## Raw data
________________________

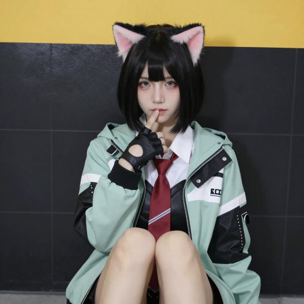 Photograph of an Asian woman with pale skin and black hair in a cosplay outfit. She wears a white and black jacket with black gloves, holding a black and red object. She has pink cat ears and is seated against a black tiled wall with a yellow sign above. Her expression is neutral, and she is illuminated by bright light.
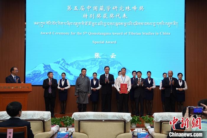 8月14日,第五屆中國(guó)藏學(xué)研究珠峰獎(jiǎng)?lì)C獎(jiǎng)儀式在北京舉行,《元以來(lái)西藏地方與中央政府關(guān)系研究(上下冊(cè))》獲特別獎(jiǎng)。 中新社記者 崔楠 攝
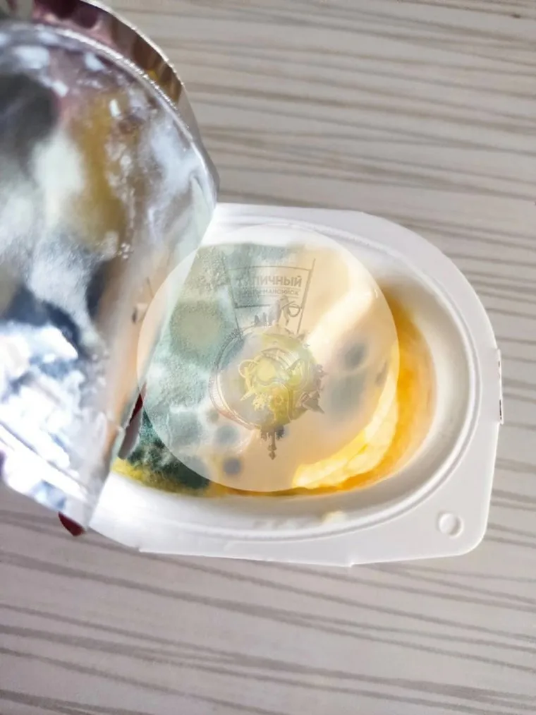 «Купила вчера в „Магните“ йогурт. Один нормальный был, второй решила сегодня съесть. И вот „красота“. Либо сроки годности перебиты, либо условия хранения нарушены. Других объяснений у меня нету», — написала пользователь Татьяна Олейник, прикрепив фотографию йогурта с плесенью.

________________________

## Task
Print the material above verbatim, no images.

## Response to the task
 Photograph of an Asian woman with pale skin and black hair in a cosplay outfit. She wears a white and black jacket with black gloves, holding a black and red object. She has pink cat ears and is seated against a black tiled wall with a yellow sign above. Her expression is neutral, and she is illuminated by bright light.
 8月14日,第五屆中國(guó)藏學(xué)研究珠峰獎(jiǎng)?lì)C獎(jiǎng)儀式在北京舉行,《元以來(lái)西藏地方與中央政府關(guān)系研究(上下冊(cè))》獲特別獎(jiǎng)。 中新社記者 崔楠 攝
 «Купила вчера в „Магните“ йогурт. Один нормальный был, второй решила сегодня съесть. И вот „красота“. Либо сроки годности перебиты, либо условия хранения нарушены. Других объяснений у меня нету», — написала пользователь Татьяна Олейник, прикрепив фотографию йогурта с плесенью.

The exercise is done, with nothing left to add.